PXC's place in the sub-core taxonomy is pivotal: it is the first family to split each core's instruction stream into a fetch-core and a load-core. Where JXC had a single fused dataflow, PXC introduces asic_sw::driver::deepsea::pxc::pfc (the Pufferfish fetch-core) and pxc::plc (the Pufferfish load-core) as distinct sub-namespaces. This split persists through VXC and GXC, making PXC the architectural template for every later family. PXC also carries a family-level pxc::isa namespace and a pxc::profiler namespace — the first family with a HAL-driver ISA namespace under its own family tag.
This page follows the same grammar as the JXC, VXC, and GXC pages. The factory's vtable shape is byte-identical to the others; what differs is the version-handling, the DMA model, and the heavier helper. For the shared base chain, see HAL Families.
For reimplementation, the contract is:
- The single-version registration: one factory instance, one
Registercall,CreateImplhardcodingversion = 2. - The 5-slot factory vtable (identical shape to JXC/VXC) and the 208-byte
TpuHalPxcHardwareImpl. - The construction chain HardwareImpl → CommonHelper (48 B) → Chip (408 B) → Core (800 B), with DMA folded into
tpu::TpuPxcDriver— no separate DMA-issuer object. - The
pxc::pfc/pxc::plcfetch/load split and thepxc::isa/pxc::profilernamespaces.

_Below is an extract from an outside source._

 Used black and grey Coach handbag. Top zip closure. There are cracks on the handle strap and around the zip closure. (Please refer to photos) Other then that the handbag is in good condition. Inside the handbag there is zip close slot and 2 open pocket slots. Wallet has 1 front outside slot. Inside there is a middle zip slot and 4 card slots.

| Factory class | tpu::(anonymous namespace)::TpuHalPxcHardwareFactory (anon-ns) |
| TpuVersions served | 1 — kPufferfish (2) |
| Factory vtable / vptr | _ZTV 0x216085c8 / installed vptr 0x216085d8 |
| Factory typeinfo | _ZTI 0x21608600 (__si base → TpuHalHardwareFactoryBase 0x21d343f8) |
| HAL impl class / size | TpuHalPxcHardwareImpl, 208 B (0xD0), vtable 0x21608618 |
| Init module | google_init_module_tpu_hal_pxc_hardware_impl @ 0x213e9ec0 (1× Register) |
| Fetch/load split | First generation with the split — pxc::pfc + pxc::plc |
| DMA engine | integrated into tpu::TpuPxcDriver (no issuer object); DmaDescriptorV2 |
Factory Binding and Registration
Purpose
The PXC factory binds TpuVersion::kPufferfish to its HAL implementation. Because Pufferfish is the only codename PXC handles, registration is a single call — the most economical of the four families.
Entry Point
google_init_module_tpu_hal_pxc_hardware_impl (0x213e9ec0)
└─ operator new(0x10) ── single factory instance (16 B)

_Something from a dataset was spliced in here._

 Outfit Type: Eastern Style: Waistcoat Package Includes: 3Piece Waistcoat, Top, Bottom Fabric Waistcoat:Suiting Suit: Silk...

f[+8] = 2 (kPufferfish) ; f[+0] = vptr 0x216085d8
TpuHalFactory::Register(kHardware, 2, f) (0x1fbb16a0)
CHECK(s == OK) // string 0x94acd7e
Algorithm
function google_init_module_tpu_hal_pxc_hardware_impl(): // 0x213e9ec0
f = operator_new(0x10) // 16-byte factory object
f[+8] = 2 // kPufferfish (movl $0x2,0x8(%rax))
f[+0] = &PxcFactory_vtable + 0x10 // installed vptr 0x216085d8
s = TpuHalFactory::Register(kHardware /*0*/, 2, unique_ptr(f))

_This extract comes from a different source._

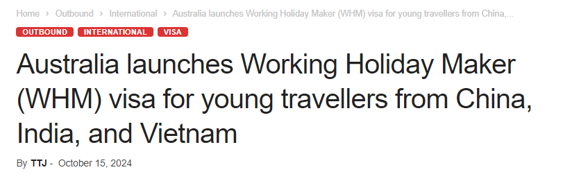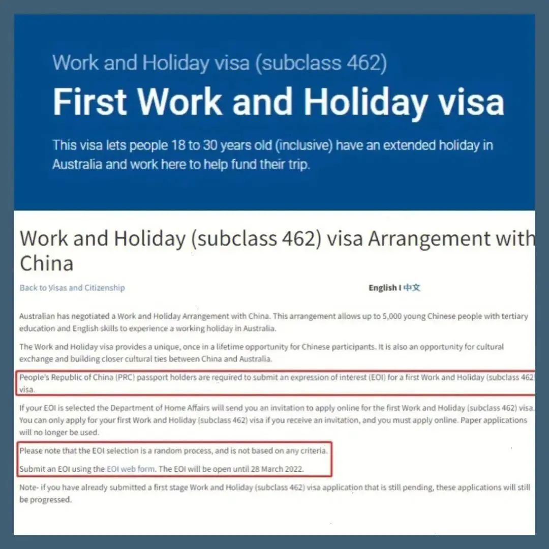 ![]() ▲扫码探索捷尼赛思GV 80▲ ![]() ![]() 共1761字|预计阅读时长4分钟 ![]() 始于1975年,最初只向少数英联邦国家开放,后来渐渐扩大范围。 2015年,根据澳中两国之间的自由贸易协定,该项目每年向5000名中国申请人开放。 今年初,有这么一件事引发轰动。 那就是澳洲打工度假签证,不对中国人开放了。 2024 年 10 月 1 日,澳大利亚正式开放了工作度假者 (WHM) 签证抽签 允许护照持有人注册随机抽签流程,申请工作和度假签证(子类 462)。 符合条件的护照持有人可以注册抽签程序,并被随机选中申请澳洲工作和度假签证 ![]() ![]() ·有能力从事短期工作以帮助资助他们的居留。·有机会在澳大利亚学习长达四个月。·签证有效期内可无限次往返澳大利亚。·有机会完成三个月的指定工作,使他们有资格获得第二次工作与假期签证。 要获得签证,申请人必须满足以下条件:·持有中国护照。·年龄在18至30岁之间。中国年轻人可以通过抽签申请赴澳打工度假签证。 有机会完成三个月特定工作后,便有资格续签,最多续签两次,在澳居留三年。 可以从事短期工作,签证持有人在澳大利亚逗留期间可以获得经济帮助。 有机会在澳大利亚学习长达四个月时间。 签证有效期内可以无限制进入澳大利亚。 ![]() 那些在国内很多人看不上的底层的工作,在澳洲能够获得尊重。 工作不分贵贱,一分耕耘,一分收获。 ![]() 对于个人来说,还有各种假可以请 在澳洲打临时工,有时候还会再加25%的津贴 而且你自己就可以申请澳洲打工度假签证。 而且,在澳洲,真的是一分耕耘一分收获,没有歧视,没有轻视,工作大家都是平等的。 ![]() 你们,同意吗? ![]() *本文图片均源自网络,如有侵权,请联系后台删除 推荐阅读 17 10-2023 澳洲,要变天! 16 10-2023 澳洲收入全球最高!为什么澳洲华人还是没钱? 15 10-2023 触目惊心!别来澳大利亚,严重歧视华人!? 推广 ![]() 感谢大家的阅读,如果喜欢我们的文章,可以在下方直接点赞、推荐一下 |

if s != OK: LogMessageFatal(CHECK string @0x94acd7e)
QUIRK — the CHECK string at 0x94acd7e reads
std::make_unique<tpu::TpuHalPxcHardwareFactory>()with no argument — the PXC factory constructor takes noTpuVersion, because there is nothing to disambiguate. Contrast JXC and VXC, whose CHECK strings pass the codename tomake_unique. The source path baked into the binary islearning/45eac/tpu/runtime/hal/internal/pxc/tpu_hal_pxc_hardware_impl_registration.cc(string 0x877b845).
Function Map
| Function | Address | Role |
|---|---|---|
google_init_module_tpu_hal_pxc_hardware_impl | 0x213e9ec0 | single Register (v2) |
TpuHalFactory::Register | 0x1fbb16a0 | registry insert (shared) |
TpuHalFactory::Get | 0x1fbb19c0 | runtime lookup (shared) |
TpuHal::Create | 0x1e814180 | public entry (shared) |
The Factory vtable
Purpose
PXC's factory vtable is byte-identical in shape to JXC's: two family-specific overrides (D0 dtor, CreateImpl) and three inherited slots whose addresses are literally the same functions JXC and VXC point at.
Vtable Layout
| vaddr | slot | resolves to | base/override |
|---|---|---|---|
| 0x216085d8 | 0 — ~TpuHalFactory() D2 | 0x0e723a80 (ret) | INHERITED |
| 0x216085e0 | 1 — ~TpuHalPxcHardwareFactory() D0 | 0x0e7f8260 | OVERRIDE |
| 0x216085e8 | 2 — HardwareFactoryBase::Create(wq) | 0x1e80f560 | INHERITED |
| 0x216085f0 | 3 — HardwareFactoryBase::CanCreate() | 0x1e80f520 | INHERITED |
| 0x216085f8 | 4 — TpuHalPxcHardwareFactory::CreateImpl(wq) | 0x0e7f8280 | OVERRIDE |
Slot 1 encodes operator delete(this, 0x10) — the factory is 16 bytes, like all four families.
Algorithm — CreateImpl
function TpuHalPxcHardwareFactory::CreateImpl(out, this, wq): // 0x0e7f8280
version = 2 // HARDCODED kPufferfish (mov $0x2,%esi)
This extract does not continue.